Neutral lipids are packaged in LDs, which is driven by lipid neogenesis, exogenous acquisition of FAs, or internal recycling of FAs and are transiently stored in the form of triglycerides (TGs) (45). It has been recently shown that LDs help drive pathogenic airway inflammation mediated by ILC2 (33). Although the effect of IL-33 or allergen intranasal challenge on lipid storage in ILC2 has been thoroughly investigated using flow cytometry, the representation of intracellular lipid storage has been shown almost exclusively using qualitative assessments (33, 34). Hence, we employed here microscopy to quantify how neutral lipids are stored in droplets, demonstrating that each cytokine treatment induced a unique LD distribution phenotype that could only be discovered through visual intracellular investigation. While in flow cytometry, ILC2 treated with IL-7 or IL-2 alone both harbor low levels of stored lipids, IL-7 uniquely has the fewest number of LDs overall with the largest proportion of small-sized LDs (57%). ILC2 stimulated with IL-7 or IL-2 in combination with IL-33 also share similarity in their high levels of stored lipids measured through flow cytometry, however, the latter has the smallest proportion of small-sized LDs at only 27%. This is a significant shift from its steady state condition in IL-2 alone where 51% of the LD population were small-sized. The most common and strongest correlation found was between the total volume of stored lipids and the number of LDs. This suggests that ILC2 distribute their lipid storage between many droplets as opposed to several extremely large droplets either due to cytoplasmic restrictions or to accommodate distinct metabolic requirements.

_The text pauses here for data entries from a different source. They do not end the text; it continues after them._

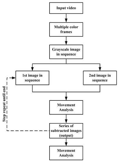 Figure 3 presents a flowchart of the movement analysis. A recorded video was provided as input to the analysis. This input video was then converted into multiple frames of color images by using MATLAB, with two images obtained per second. For example, a 5-min video comprised 600 continuous images.
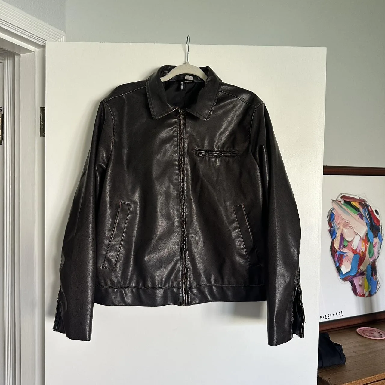 waxy leather, black jacket, moto style, structured, minimal, casual, edgy, textured leather, zipper details, slim fit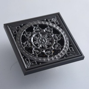 Carved Black Brass Square Shower Drain Floor Waste Drain Cover Strainer mhr160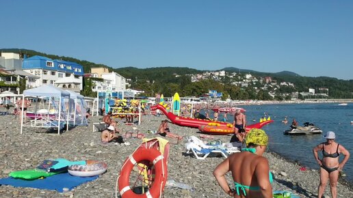 Пляж Чайка Лазаревское. Кафе Кураж. Лазаревское Сочи. Последний день уходящего лета - жара продолжается. 31 августа 2022 год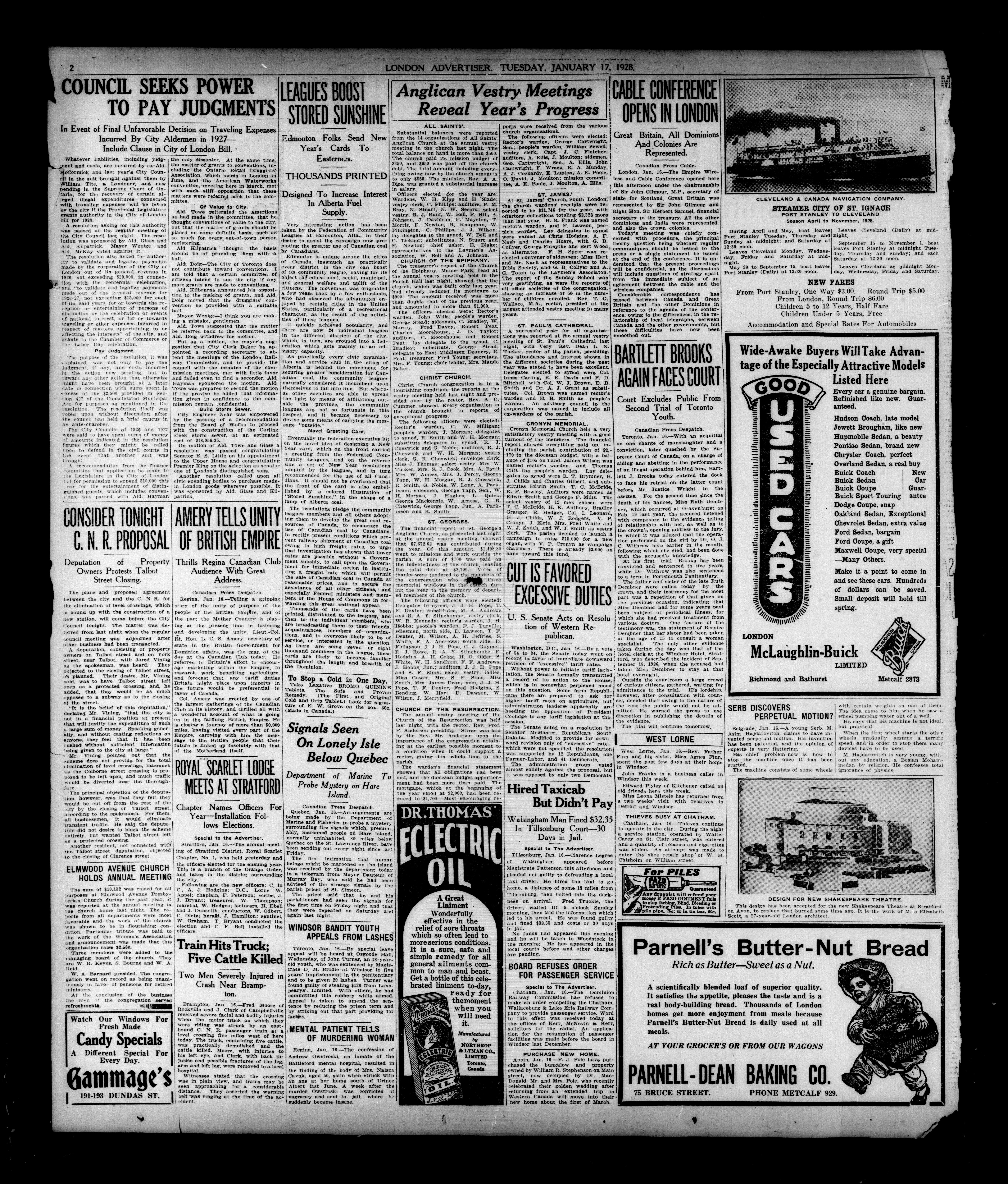 London, Ontario : London Advertiser Company, Limited, [1928]; 16 images, 0 avec recherche en texte intégral

Indeed, a previous study demonstrated that during nutrient deprivation, LDs undergo dispersion along microtubules to efficiently supply FAs for β-oxidation in mitochondria (54). As LDs are formed as an energy reserve, it is possible that variations in nutrient accessibility during the period of ILC2 stimulation directly impacts the distribution of LD size, which remains to be explored in future studies.

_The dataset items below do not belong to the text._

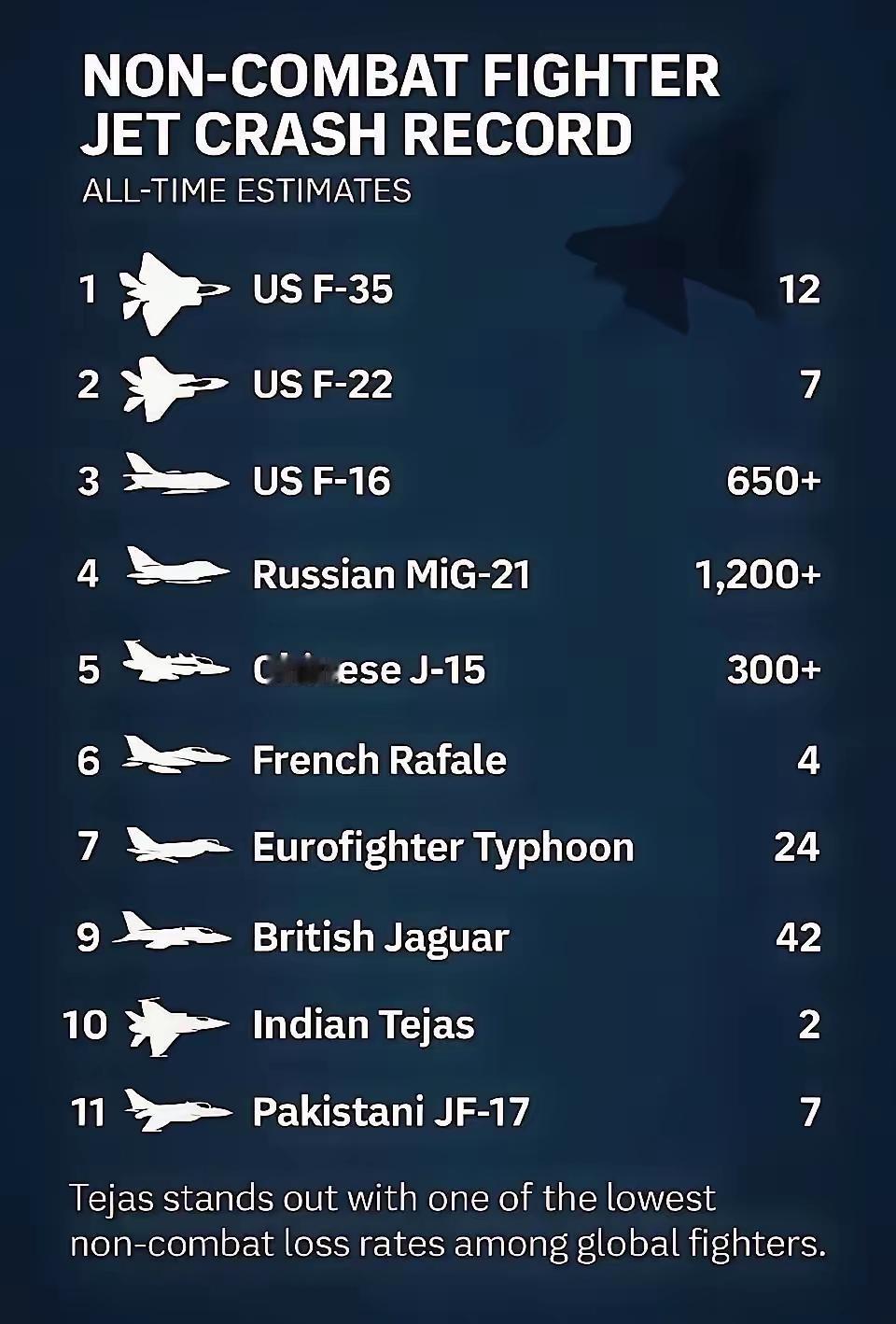 为了挽回颜面,印国内把各国战机坠毁数量排了个序,以此证明印“光辉”战机是坠毁数量最少的。 但是这个图太扯蛋了,因为这个排名是战机非战斗坠毁的数量。 图中居然有我国的歼-15!歼15造的也不超过300架啊。 网友评论: 光辉是最好的飞机,印度人的军工自信对我们是有利的,我们应该赏识印度人的自信,承认光辉的实力,鼓励继续改进光辉。 就服阿三,在困难面前,他们总能找到一块尿布遮脸,他们光辉战机坠落,开始想到他们一定会想办法遮羞,没想到他们真找到了,还是一片臊哄哄的尿布。 这就是印度这个国家可爱的地方,哪怕他考试全班倒数第一他也会找借口说应该倒数第一的那个傻子拉肚子没来,要不然他不会倒数第一的。 印度已经不需要飞机大炮来发动攻击了,他们的人口殖民计划已经开始并且很快就能初见成效了。 各位朋友怎么看?欢迎在评论区留言讨论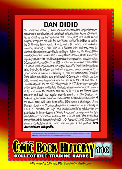 Dan Didio ©1956 DC Comics. • Reprinted for educational and historical purposes and for research. The production of this trading card was made possible through a financial grant generously donated by Robert Racek/Sid of Team ScoreChasers. (Www.retroexperiences.com).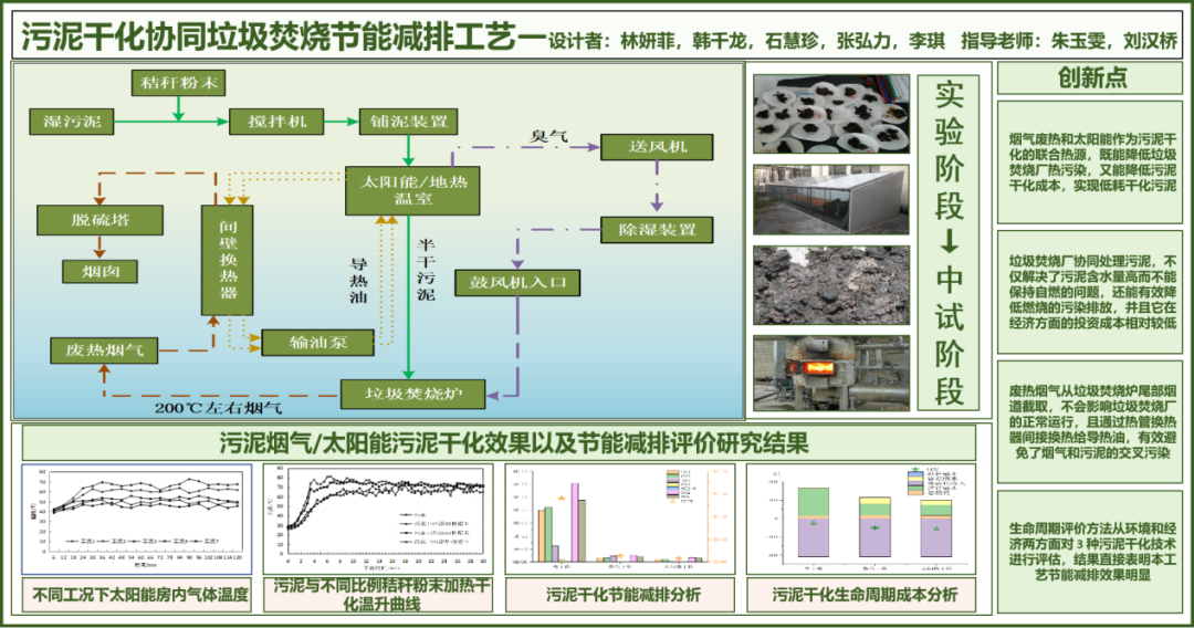 随着污水处理技术的快速发展以及严格的环境保护要求,污泥处理与利用已成为一个日益严峻的挑战。本研究将烟气废热/太阳能污泥干化和垃圾焚烧处理相结合,提出了污泥干化协同垃圾焚烧节能减排工艺,不仅可以充分利用现有垃圾焚烧厂的废热烟气作为干化热源,减少能源消耗,有效降低运行成本,而且利用了可再生能源太阳能作为能源来源,满足可持续发展的需求。基于上述工艺中的太阳能/烟气干化污泥关键技术开发,我们搭建烟气/太阳能小试、中试装置,设置多种工况进行试验研究,考察了不同秸秆掺比、地热温度等因素对污泥干化效果的影响,确定了最佳工艺参数。基于中试实验结果,进一步将工程放大的烟气/太阳能干化污泥技术耦合到实际垃圾焚烧工艺,通过生命周期评价方法开展节能减排评价研究。

Taken together this data suggests that as ILC2 are being strongly activated they acquire large levels of exogenous FAs that are used for FAO, and any excess FAs are stored in LDs to avoid lipotoxicity resulting in large-sized LDs. Furthermore, small-sized LDs are likely degraded before large-sized LDs through lipolysis or lipophagy to create an easily accessible pool of free FA to fuel FAO when energy demands are high. Interestingly, we observed that the sphericity of LDs in ILC2 shifts from being spherical when stimulated IL-2 alone to being more irregularly-shaped following activation with IL-33. This phenomenon corresponds with observation of a study demonstrating that marked changes in LD morphology are due to an increased number of contact sites with mitochondria (54). The consistently large proportion of intermediate-sized LDs among highly activated ILC2 could have several explanations as the transition states of small to large-sized LDs is likely a highly dynamic process. Potentially, small LDs may be catabolized by lipolysis into FAs that are immediately stored again into pre-existing small LDs alongside exogenously acquired FAs to form intermediate-sized LDs. Conversely, these intermediate LDs could be formed through the degradation of large-sized LDs into smaller volumes. The dynamic nature of this process could be further investigated through the implementation of live imaging, where LD size transition could be recorded in real time to explain these morphological and distribution differences. Moreover, kinetic experiments involving earlier time points or live imaging of LDs in tandem with other organelles, such as lysosomes or mitochondria, could explain these morphological and distribution differences, and could provide further in-depth insights of the lipid metabolism in ILC2.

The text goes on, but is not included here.